▶ [Assignment]: Copy everything in the data below exactly except the pictures.

(Beginning of Given material)

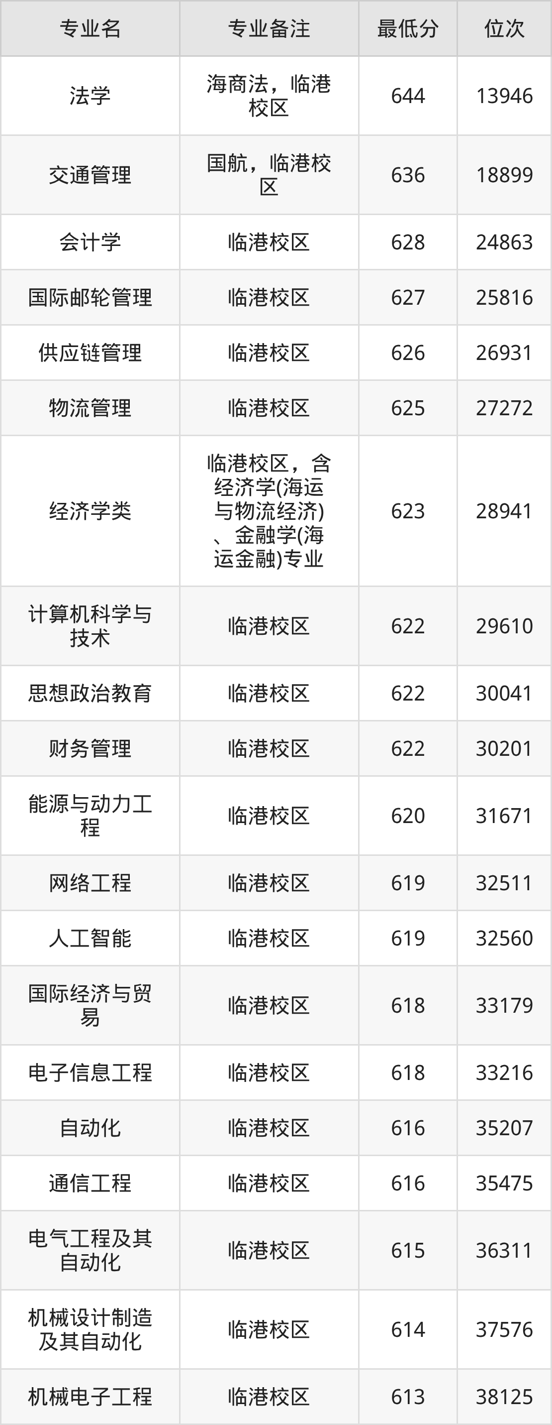 下面是上海海事大学各省最低分汇总,各专业组录取分数线可参考下方图片:
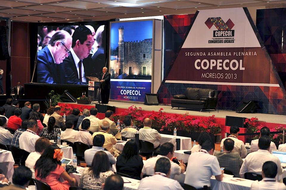 Desde esa plenaria, se analizó lo relativo a los proyectos de Mando Único Policial y Prevención del Delito. En su mensaje, el Gobernador Graco Ramírez Garrido informó a los diputados de los congresos del país que en la Conferencia Nacional de Gobernadores (CONAGO) se trabaja para que los estados tengan finanzas sanas con rendición de cuentas, por lo que dijo a los diputados les corresponde legislar para que todos los servidores públicos se sometan al escrutinio de la transparencia. El diputado Juan Ángel Flores Bustamante, integrante del comité organizador de la reunión de la COPECOL, destacó el sano intercambio entre legisladores del país en un espacio que, esperan, sirva de interlocución con las autoridades federales. El registro de asistencia fue de 530, con representantes de todos los congresos locales, a excepción de Baja California Norte. El presidente de la Conferencia, Eduardo Andrade Sánchez, diputado veracruzano, declaró que la reunión, apoyada de los gobiernos locales, representa un espacio plural de encuentro de todos los congresos del país.
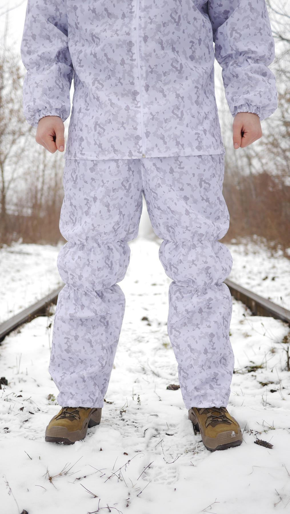 - Штани, пояс і манжети регулюються шнурками із затяжками, додаткова широка резинка в зоні колін для щільного прилягання.
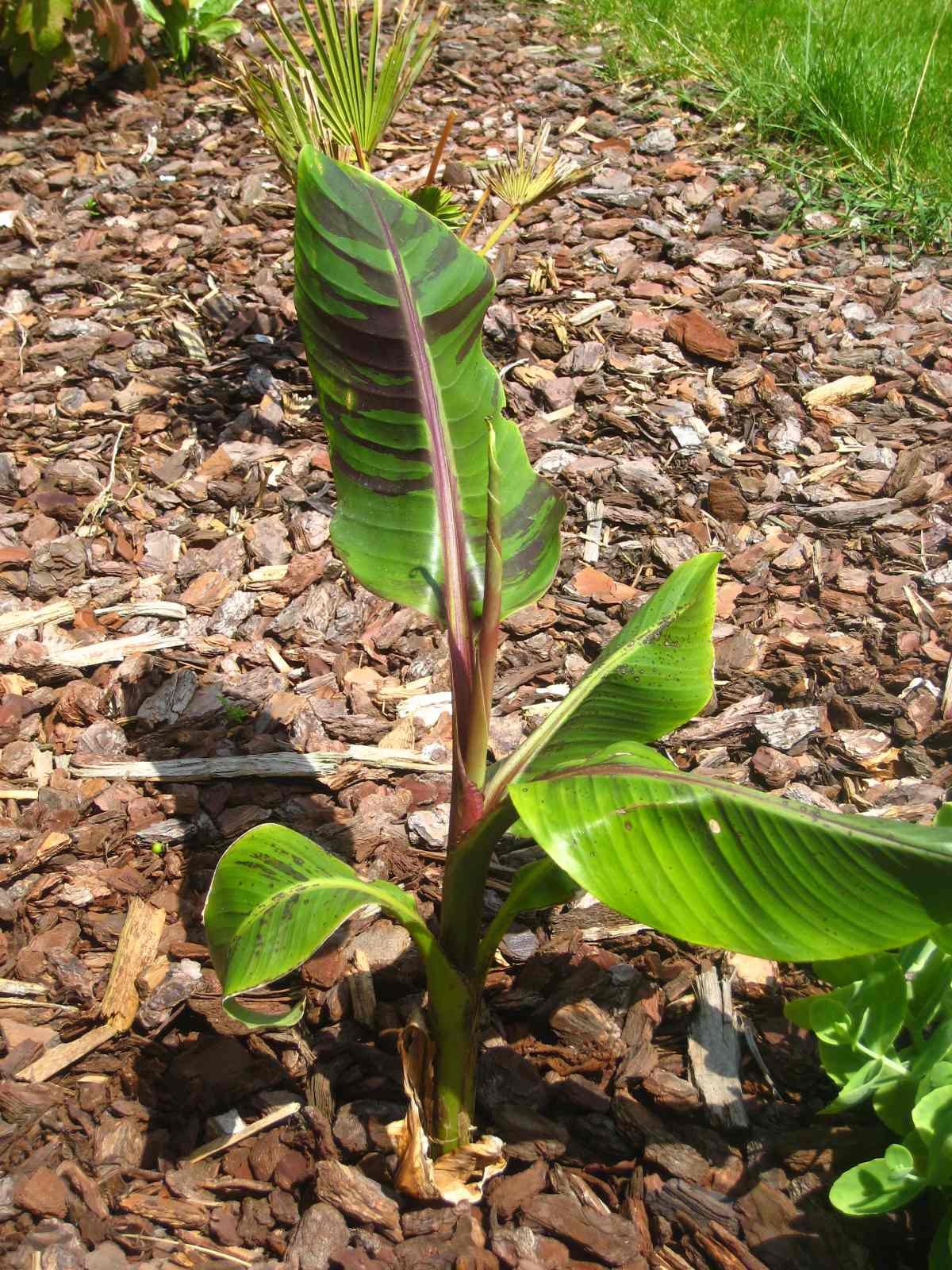 Na dit tropische weekend zien de planten er gelukkig beter en beter uit, enkele herstellen goed anderen blijven dan weer steken. 2 van de 5 kleine trachy's zijn aan de groei, 2 zijn dood en van 1 weet ik het niet, blijven duimen dus :thumb_up: Ook de brahea is goed bezig, jammer van de schade! anders was hij al bezig aan zijn derde blad :shock:

(End of Given material)

▶ [Result of this task]:
 下面是上海海事大学各省最低分汇总,各专业组录取分数线可参考下方图片:
 Desde esa plenaria, se analizó lo relativo a los proyectos de Mando Único Policial y Prevención del Delito. En su mensaje, el Gobernador Graco Ramírez Garrido informó a los diputados de los congresos del país que en la Conferencia Nacional de Gobernadores (CONAGO) se trabaja para que los estados tengan finanzas sanas con rendición de cuentas, por lo que dijo a los diputados les corresponde legislar para que todos los servidores públicos se sometan al escrutinio de la transparencia. El diputado Juan Ángel Flores Bustamante, integrante del comité organizador de la reunión de la COPECOL, destacó el sano intercambio entre legisladores del país en un espacio que, esperan, sirva de interlocución con las autoridades federales. El registro de asistencia fue de 530, con representantes de todos los congresos locales, a excepción de Baja California Norte. El presidente de la Conferencia, Eduardo Andrade Sánchez, diputado veracruzano, declaró que la reunión, apoyada de los gobiernos locales, representa un espacio plural de encuentro de todos los congresos del país.
 - Штани, пояс і манжети регулюються шнурками із затяжками, додаткова широка резинка в зоні колін для щільного прилягання.
 Na dit tropische weekend zien de planten er gelukkig beter en beter uit, enkele herstellen goed anderen blijven dan weer steken. 2 van de 5 kleine trachy's zijn aan de groei, 2 zijn dood en van 1 weet ik het niet, blijven duimen dus :thumb_up: Ook de brahea is goed bezig, jammer van de schade! anders was hij al bezig aan zijn derde blad :shock:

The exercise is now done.